* [DATA EXTRACT]:

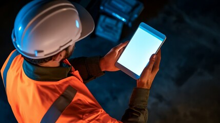 Construction worker views data on digital tablet professional uses digital device for on site analysis
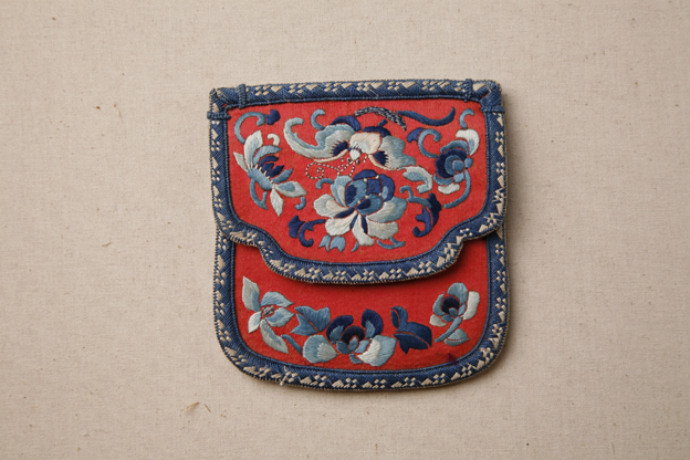 描述:该绣品为一钱袋,制成方形。主体面料采用红色素缎,其上三蓝绣花蝶纹样。钱袋周围镶有蓝黄结合的小绦带花边。
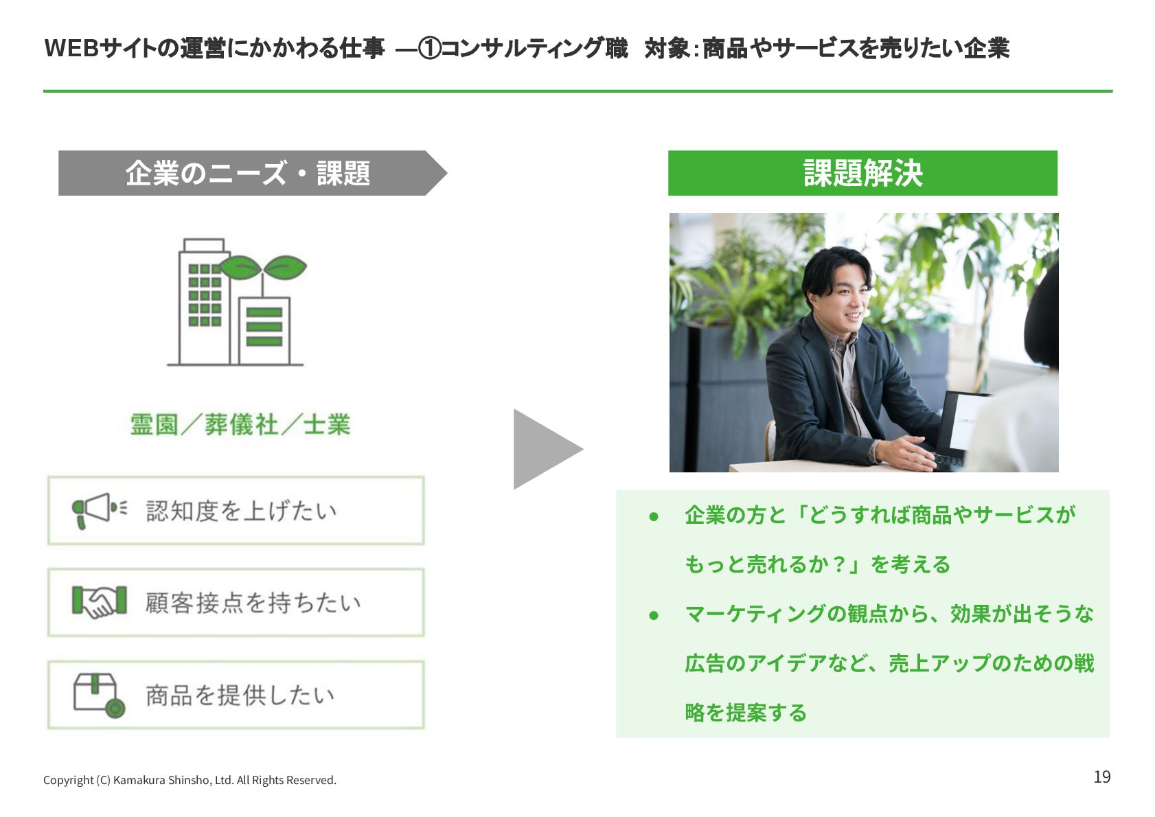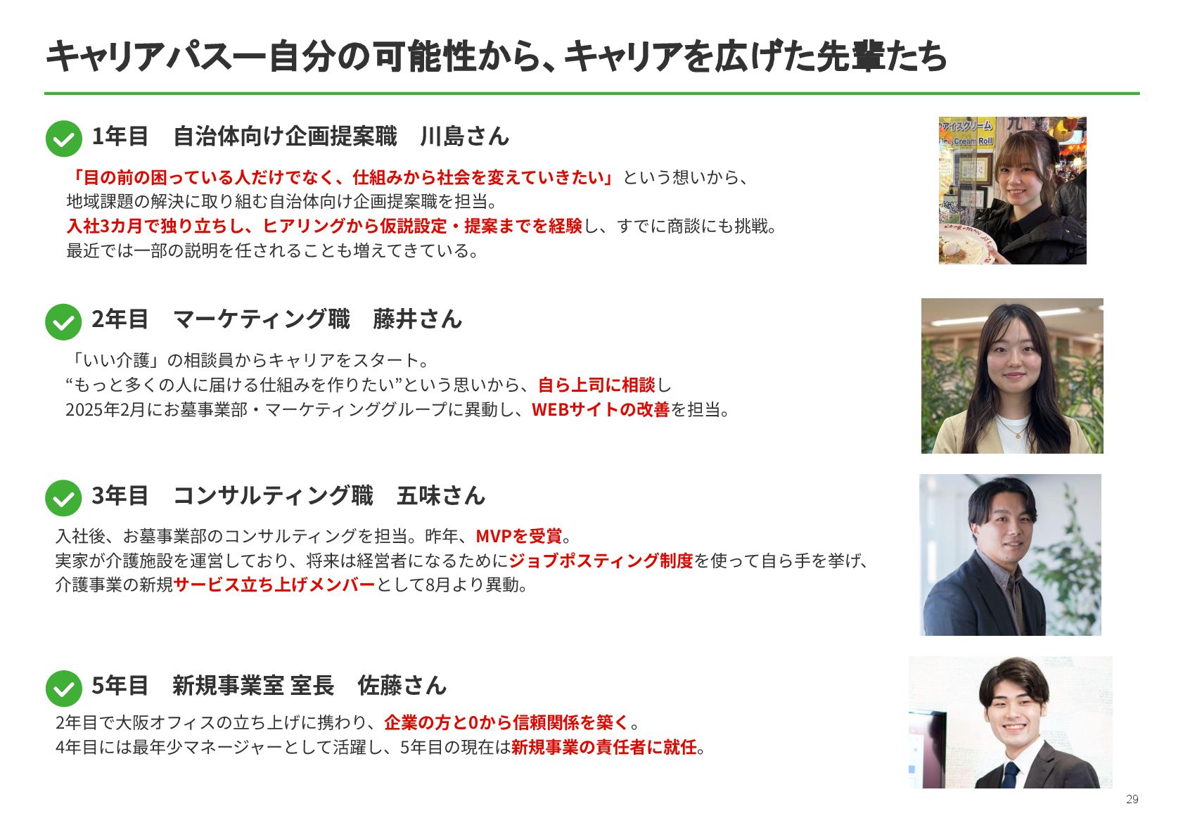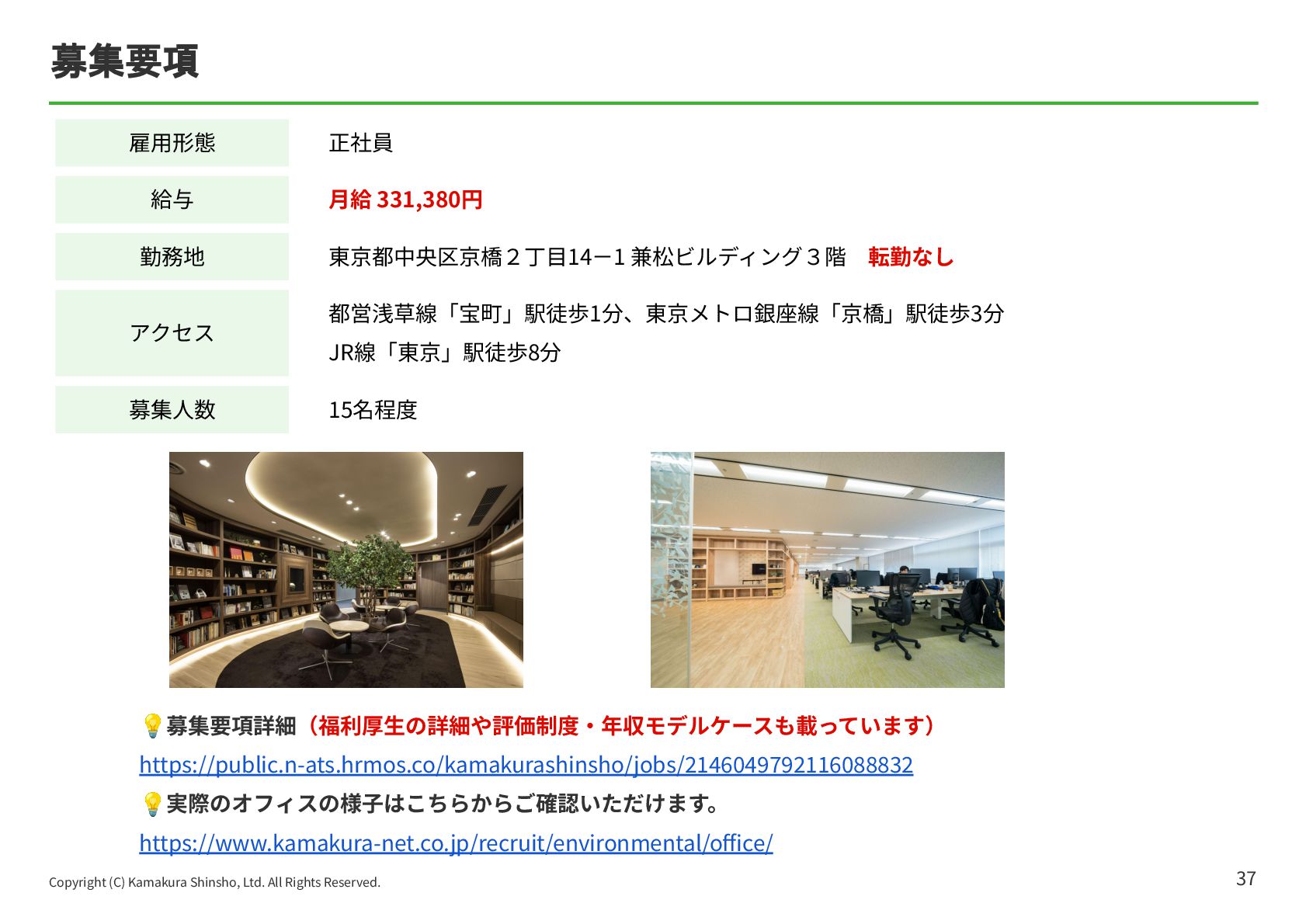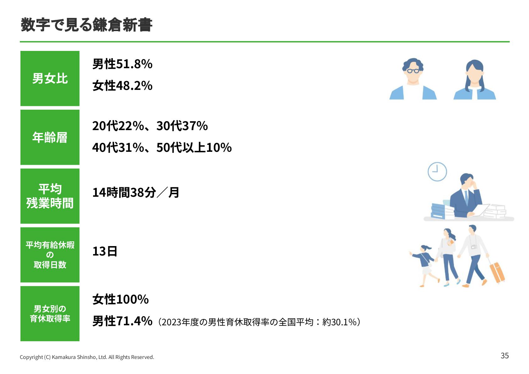 祐孝 代表取締役社⻑COO ⼩林 史⽣ 設⽴⽇ 1984年4⽉17⽇ 資本⾦ 10億5,802万円 所在地 本社:東京都中央区京橋2-14-1 兼松ビルディング3階 従業員数 319名(契約社員、パート、アルバイト含む)(フリーランス、業務委託を除く) 事業内容 ITメディア‧サービス事業 マッチングプラットフォームとなるポータルサイト運営を中⼼とした、終活に関わる情報サービスの提供 ⾃治体に対する⾼齢者領域での住⺠サービスの⽀援 グループ企業 株式会社ハウスボートクラブ、株式会社エイジプラス、株式会社鎌倉新書ライフパートナーズ、ベル少額短期保険株式会社、 ユウテル株式会社 会社概要 4 東京証券取引所の「プライム市場」に上場しており、「社会的に信頼されていて、しっかりしたルールのもとで運営されている会社」です。 【上場企業の特徴】 • 社会的信⽤があるので、⼤⼿企業や⾃治体と連携したビジネスができる • ⼈‧サービス‧働く環境への投資も積極的 鎌倉新書の社員数は約300名と⼤きすぎず、⼩さすぎない規模なので、若⼿のうちからチャンスがたくさんあります。 【鎌倉新書の特徴】 • 1年⽬からアイデアが採⽤される • 役員と近い距離で仕事ができる • 新規事業にも関われる 安定性と成⻑のチャンスの両⽅がある環境が、鎌倉新書にはあります。

* [WHAT NEEDS TO BE DONE]: The pictures should be dropped, and every line above should be set down again exactly.

* [WRITTEN ANSWER]:
 Construction worker views data on digital tablet professional uses digital device for on site analysis
 描述:该绣品为一钱袋,制成方形。主体面料采用红色素缎,其上三蓝绣花蝶纹样。钱袋周围镶有蓝黄结合的小绦带花边。
 祐孝 代表取締役社⻑COO ⼩林 史⽣ 設⽴⽇ 1984年4⽉17⽇ 資本⾦ 10億5,802万円 所在地 本社:東京都中央区京橋2-14-1 兼松ビルディング3階 従業員数 319名(契約社員、パート、アルバイト含む)(フリーランス、業務委託を除く) 事業内容 ITメディア‧サービス事業 マッチングプラットフォームとなるポータルサイト運営を中⼼とした、終活に関わる情報サービスの提供 ⾃治体に対する⾼齢者領域での住⺠サービスの⽀援 グループ企業 株式会社ハウスボートクラブ、株式会社エイジプラス、株式会社鎌倉新書ライフパートナーズ、ベル少額短期保険株式会社、 ユウテル株式会社 会社概要 4 東京証券取引所の「プライム市場」に上場しており、「社会的に信頼されていて、しっかりしたルールのもとで運営されている会社」です。 【上場企業の特徴】 • 社会的信⽤があるので、⼤⼿企業や⾃治体と連携したビジネスができる • ⼈‧サービス‧働く環境への投資も積極的 鎌倉新書の社員数は約300名と⼤きすぎず、⼩さすぎない規模なので、若⼿のうちからチャンスがたくさんあります。 【鎌倉新書の特徴】 • 1年⽬からアイデアが採⽤される • 役員と近い距離で仕事ができる • 新規事業にも関われる 安定性と成⻑のチャンスの両⽅がある環境が、鎌倉新書にはあります。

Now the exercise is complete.